## EXERCISE DESCRIPTION
Pictures stay out; print the rest of the listing below exactly as it stands.

## DATA SUPPLIED
******************************

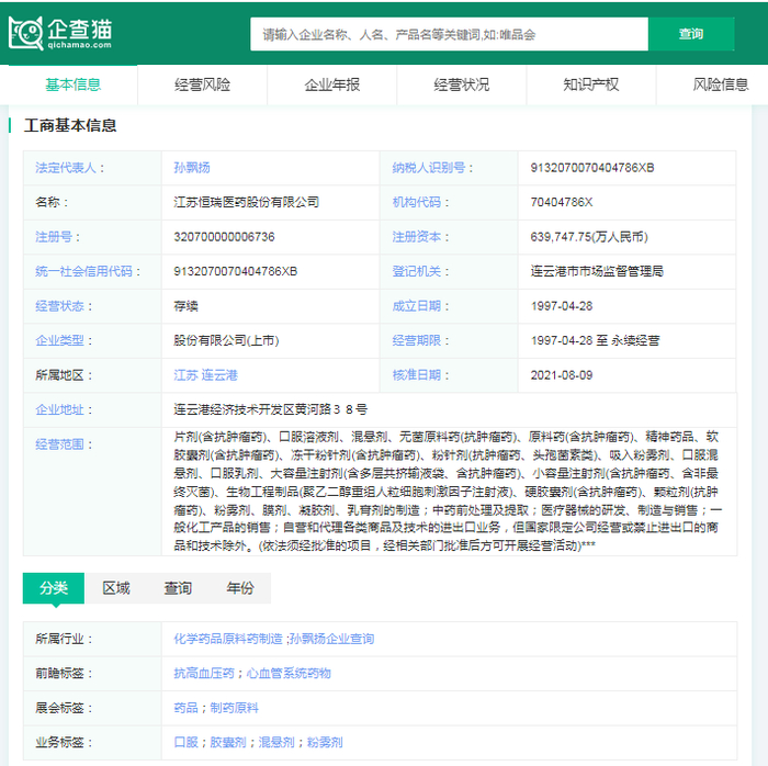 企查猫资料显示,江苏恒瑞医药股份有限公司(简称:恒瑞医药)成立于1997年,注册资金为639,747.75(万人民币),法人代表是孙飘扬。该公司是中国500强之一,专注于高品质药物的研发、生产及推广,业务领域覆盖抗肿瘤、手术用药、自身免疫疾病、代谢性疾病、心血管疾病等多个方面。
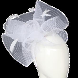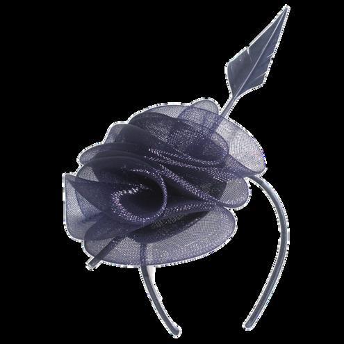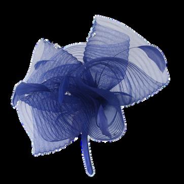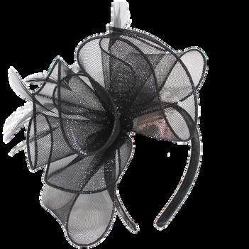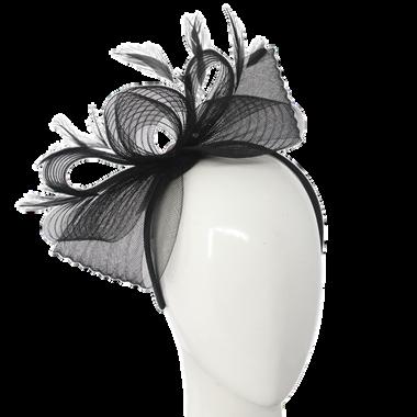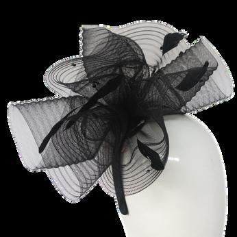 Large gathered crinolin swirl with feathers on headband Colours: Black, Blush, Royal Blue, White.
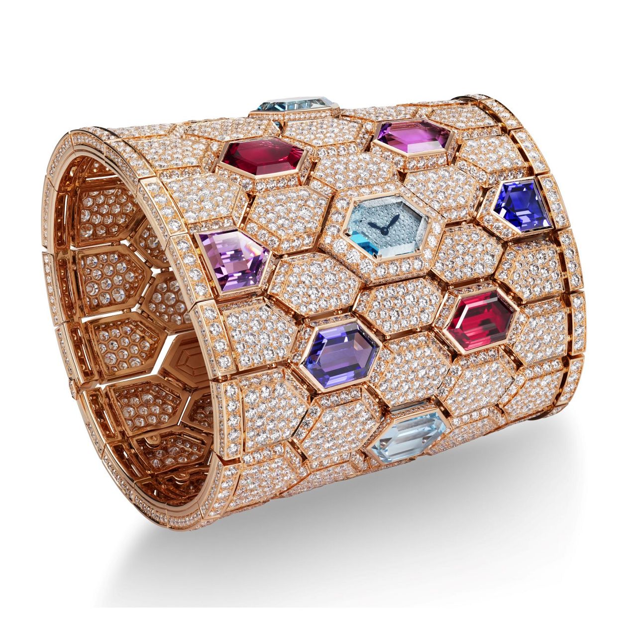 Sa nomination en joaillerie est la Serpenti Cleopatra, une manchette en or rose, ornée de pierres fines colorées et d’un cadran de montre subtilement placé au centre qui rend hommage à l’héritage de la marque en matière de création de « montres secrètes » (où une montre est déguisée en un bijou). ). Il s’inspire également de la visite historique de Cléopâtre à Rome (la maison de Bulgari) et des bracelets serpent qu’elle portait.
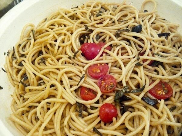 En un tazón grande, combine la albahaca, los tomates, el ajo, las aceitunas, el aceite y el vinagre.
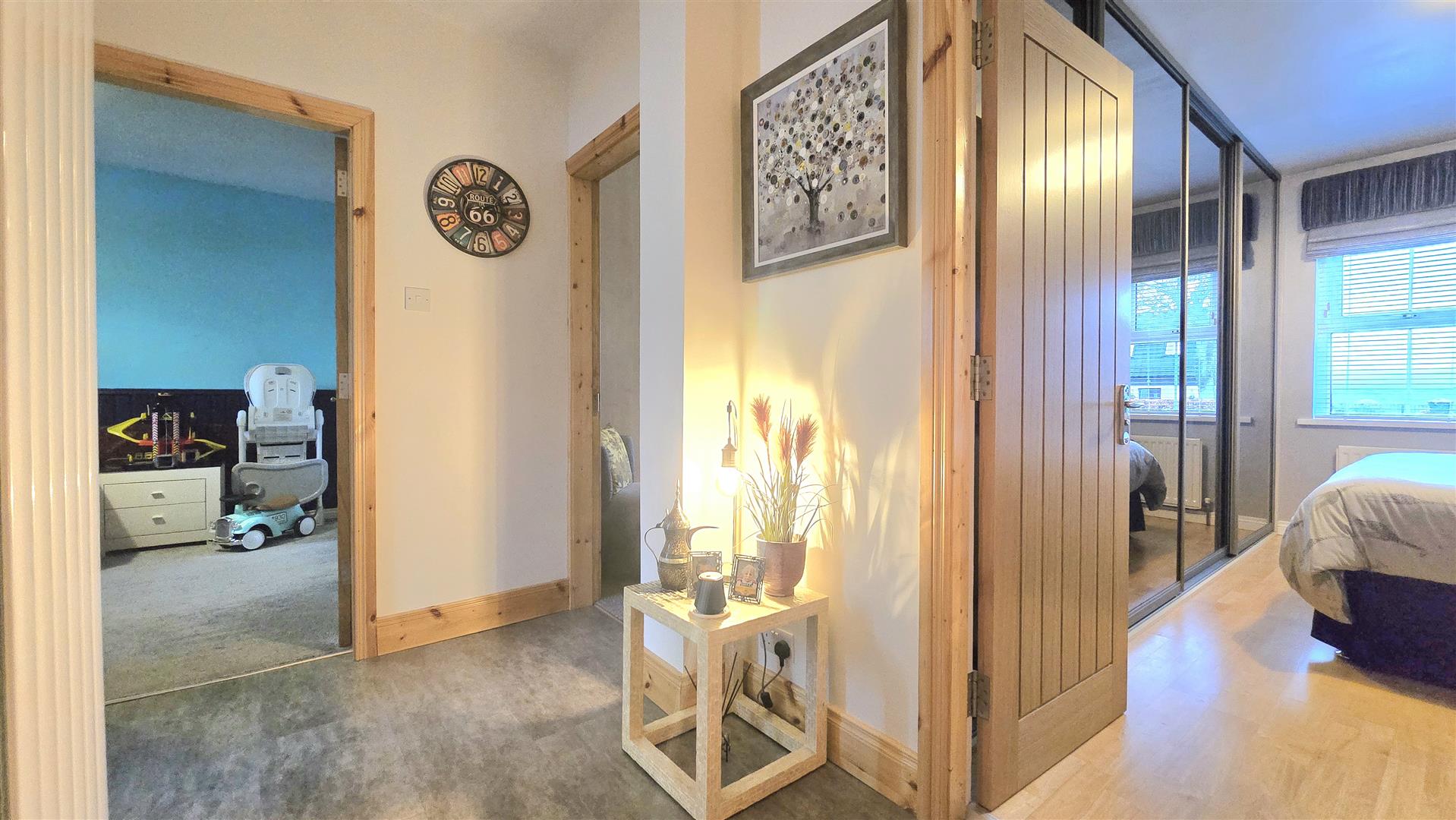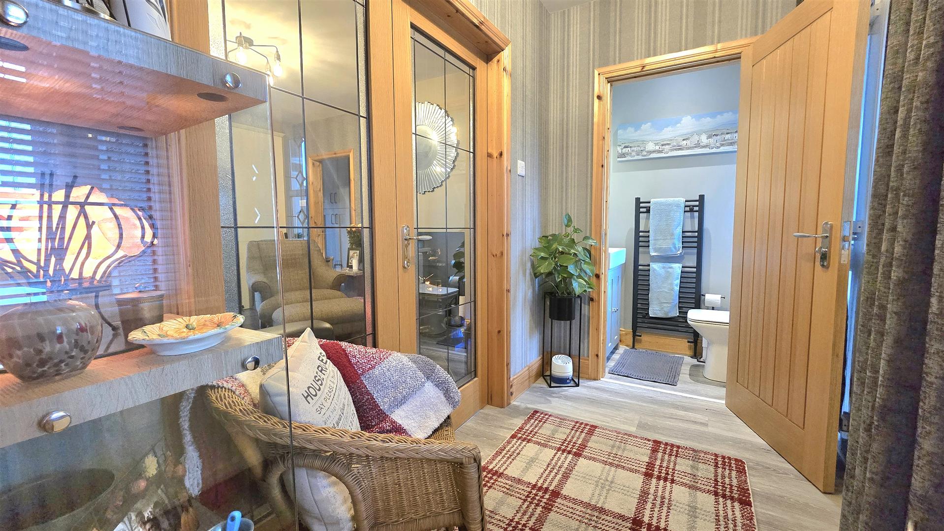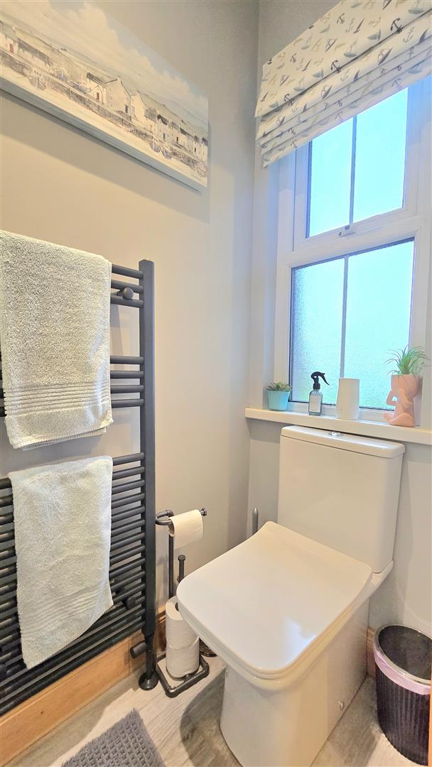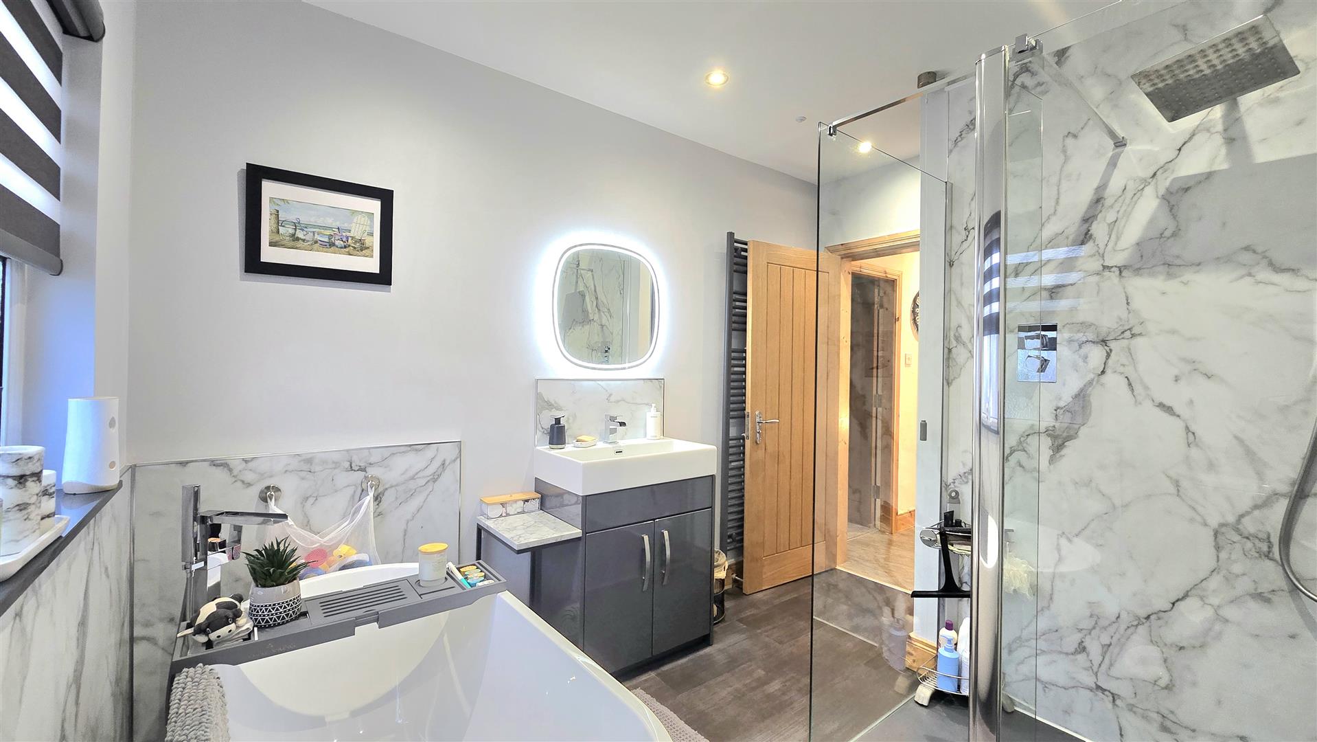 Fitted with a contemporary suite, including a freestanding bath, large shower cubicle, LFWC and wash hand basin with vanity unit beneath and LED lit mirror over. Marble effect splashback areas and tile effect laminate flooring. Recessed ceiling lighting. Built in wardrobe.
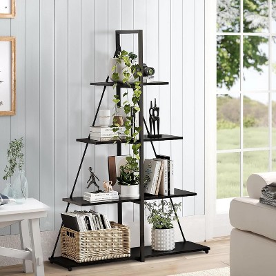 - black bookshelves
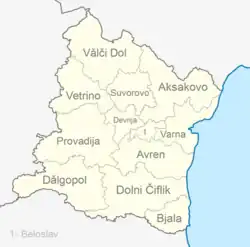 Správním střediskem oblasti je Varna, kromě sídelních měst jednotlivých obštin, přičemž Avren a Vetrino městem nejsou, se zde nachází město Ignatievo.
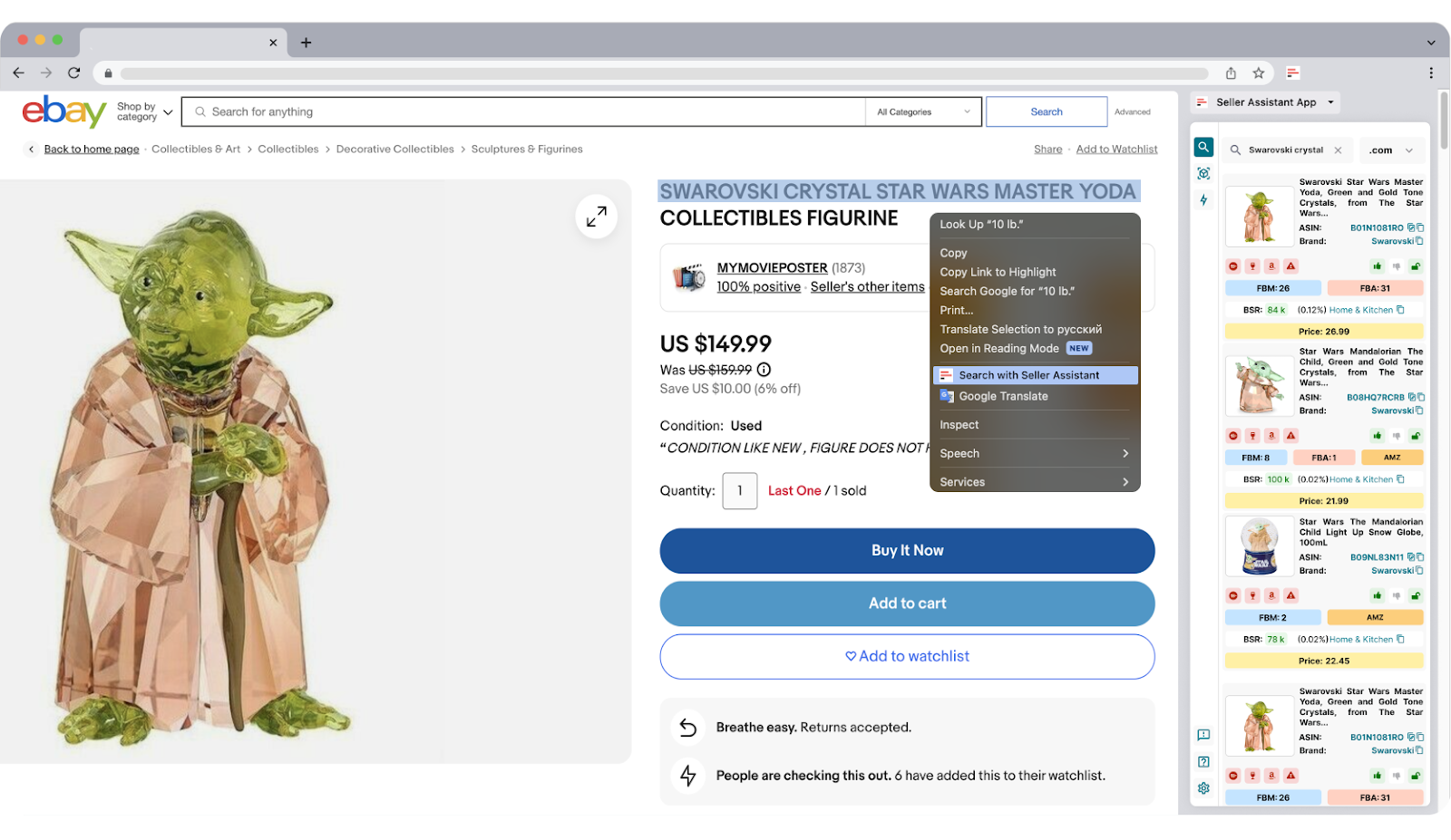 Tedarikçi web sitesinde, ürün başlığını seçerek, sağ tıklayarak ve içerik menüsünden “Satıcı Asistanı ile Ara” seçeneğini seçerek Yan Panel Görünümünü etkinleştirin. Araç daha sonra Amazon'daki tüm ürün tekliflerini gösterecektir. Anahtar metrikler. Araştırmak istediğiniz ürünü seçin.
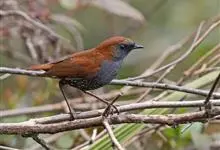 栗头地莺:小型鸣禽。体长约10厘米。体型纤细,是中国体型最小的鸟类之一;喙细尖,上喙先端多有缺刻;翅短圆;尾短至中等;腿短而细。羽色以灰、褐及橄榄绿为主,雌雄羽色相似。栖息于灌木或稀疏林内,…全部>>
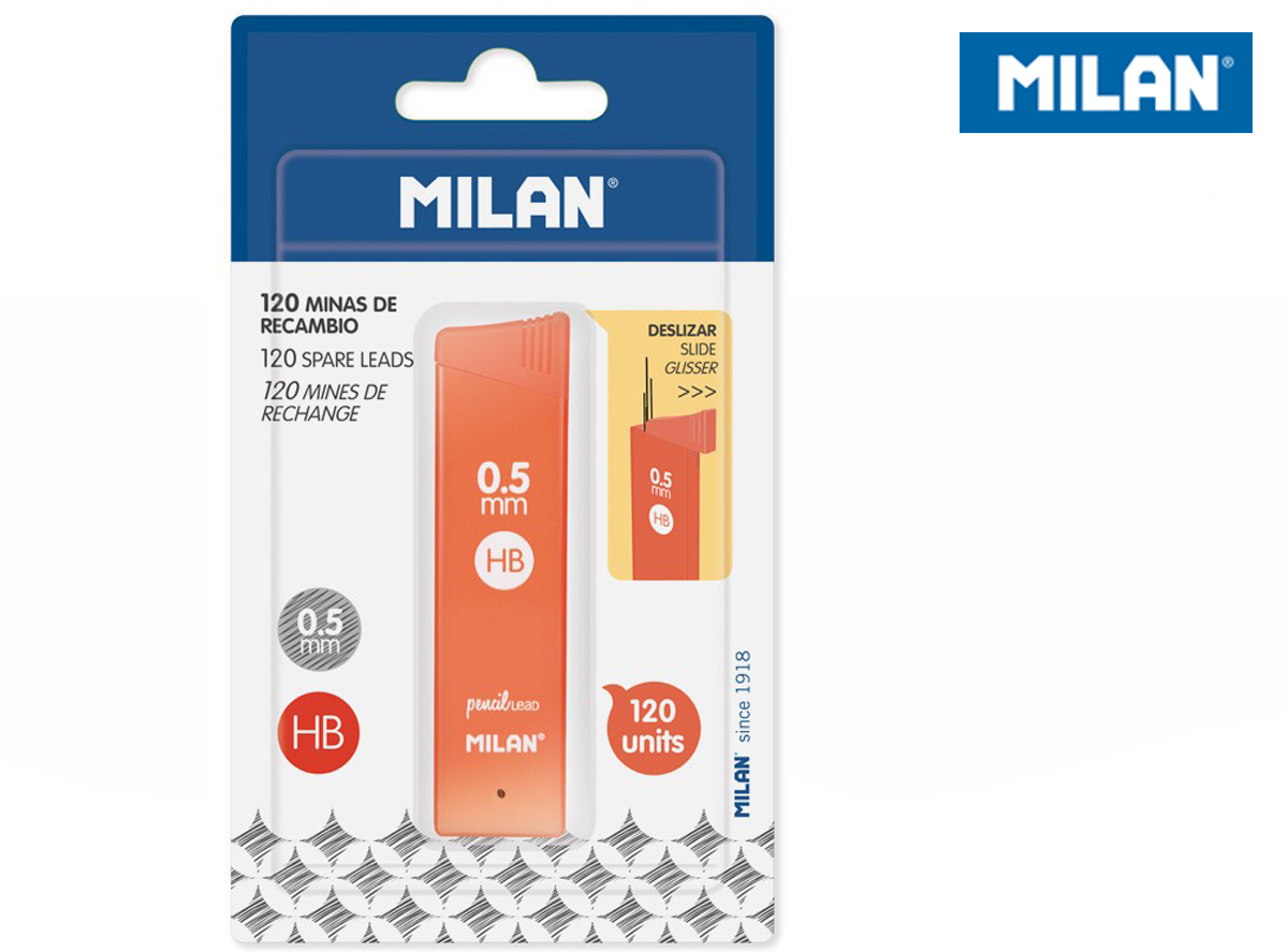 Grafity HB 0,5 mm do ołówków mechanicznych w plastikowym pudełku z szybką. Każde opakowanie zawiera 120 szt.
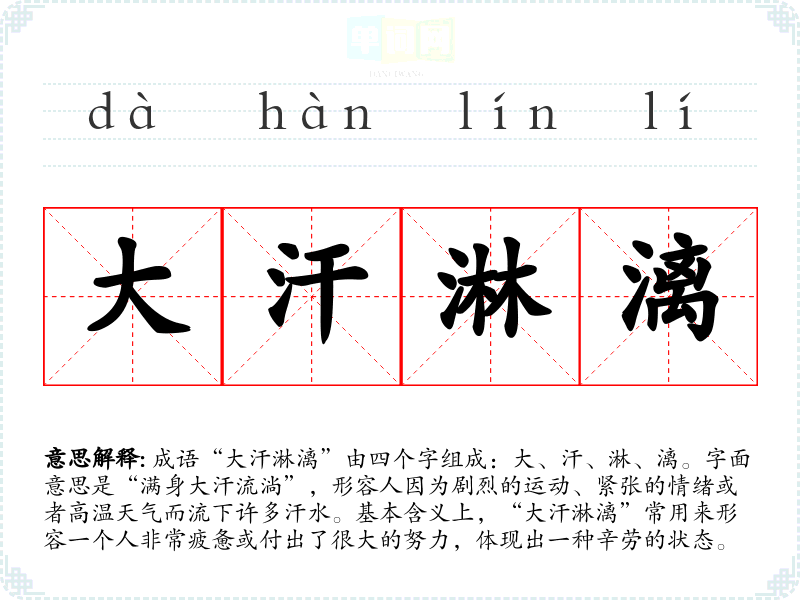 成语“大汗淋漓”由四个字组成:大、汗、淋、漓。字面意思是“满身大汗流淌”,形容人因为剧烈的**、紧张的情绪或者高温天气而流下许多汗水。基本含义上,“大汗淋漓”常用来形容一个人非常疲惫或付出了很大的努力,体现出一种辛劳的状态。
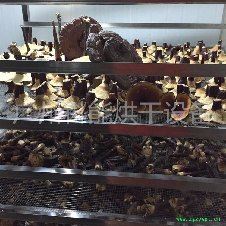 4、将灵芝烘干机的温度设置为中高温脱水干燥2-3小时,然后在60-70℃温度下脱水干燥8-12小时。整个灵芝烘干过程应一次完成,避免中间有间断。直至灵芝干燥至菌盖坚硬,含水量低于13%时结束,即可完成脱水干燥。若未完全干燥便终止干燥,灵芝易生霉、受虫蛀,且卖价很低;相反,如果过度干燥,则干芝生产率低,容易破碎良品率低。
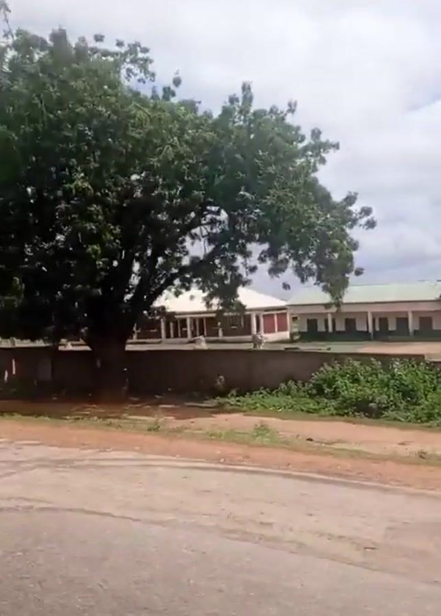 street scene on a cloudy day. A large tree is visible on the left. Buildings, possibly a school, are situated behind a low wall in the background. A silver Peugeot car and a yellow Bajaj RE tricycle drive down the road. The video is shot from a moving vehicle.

******************************

## ANSWER FOR THE TASK
 企查猫资料显示,江苏恒瑞医药股份有限公司(简称:恒瑞医药)成立于1997年,注册资金为639,747.75(万人民币),法人代表是孙飘扬。该公司是中国500强之一,专注于高品质药物的研发、生产及推广,业务领域覆盖抗肿瘤、手术用药、自身免疫疾病、代谢性疾病、心血管疾病等多个方面。
 Large gathered crinolin swirl with feathers on headband Colours: Black, Blush, Royal Blue, White.
 Sa nomination en joaillerie est la Serpenti Cleopatra, une manchette en or rose, ornée de pierres fines colorées et d’un cadran de montre subtilement placé au centre qui rend hommage à l’héritage de la marque en matière de création de « montres secrètes » (où une montre est déguisée en un bijou). ). Il s’inspire également de la visite historique de Cléopâtre à Rome (la maison de Bulgari) et des bracelets serpent qu’elle portait.
 En un tazón grande, combine la albahaca, los tomates, el ajo, las aceitunas, el aceite y el vinagre.
 Fitted with a contemporary suite, including a freestanding bath, large shower cubicle, LFWC and wash hand basin with vanity unit beneath and LED lit mirror over. Marble effect splashback areas and tile effect laminate flooring. Recessed ceiling lighting. Built in wardrobe.
 - black bookshelves
 Správním střediskem oblasti je Varna, kromě sídelních měst jednotlivých obštin, přičemž Avren a Vetrino městem nejsou, se zde nachází město Ignatievo.
 Tedarikçi web sitesinde, ürün başlığını seçerek, sağ tıklayarak ve içerik menüsünden “Satıcı Asistanı ile Ara” seçeneğini seçerek Yan Panel Görünümünü etkinleştirin. Araç daha sonra Amazon'daki tüm ürün tekliflerini gösterecektir. Anahtar metrikler. Araştırmak istediğiniz ürünü seçin.
 栗头地莺:小型鸣禽。体长约10厘米。体型纤细,是中国体型最小的鸟类之一;喙细尖,上喙先端多有缺刻;翅短圆;尾短至中等;腿短而细。羽色以灰、褐及橄榄绿为主,雌雄羽色相似。栖息于灌木或稀疏林内,…全部>>
 Grafity HB 0,5 mm do ołówków mechanicznych w plastikowym pudełku z szybką. Każde opakowanie zawiera 120 szt.
 成语“大汗淋漓”由四个字组成:大、汗、淋、漓。字面意思是“满身大汗流淌”,形容人因为剧烈的**、紧张的情绪或者高温天气而流下许多汗水。基本含义上,“大汗淋漓”常用来形容一个人非常疲惫或付出了很大的努力,体现出一种辛劳的状态。
 4、将灵芝烘干机的温度设置为中高温脱水干燥2-3小时,然后在60-70℃温度下脱水干燥8-12小时。整个灵芝烘干过程应一次完成,避免中间有间断。直至灵芝干燥至菌盖坚硬,含水量低于13%时结束,即可完成脱水干燥。若未完全干燥便终止干燥,灵芝易生霉、受虫蛀,且卖价很低;相反,如果过度干燥,则干芝生产率低,容易破碎良品率低。
 street scene on a cloudy day. A large tree is visible on the left. Buildings, possibly a school, are situated behind a low wall in the background. A silver Peugeot car and a yellow Bajaj RE tricycle drive down the road. The video is shot from a moving vehicle.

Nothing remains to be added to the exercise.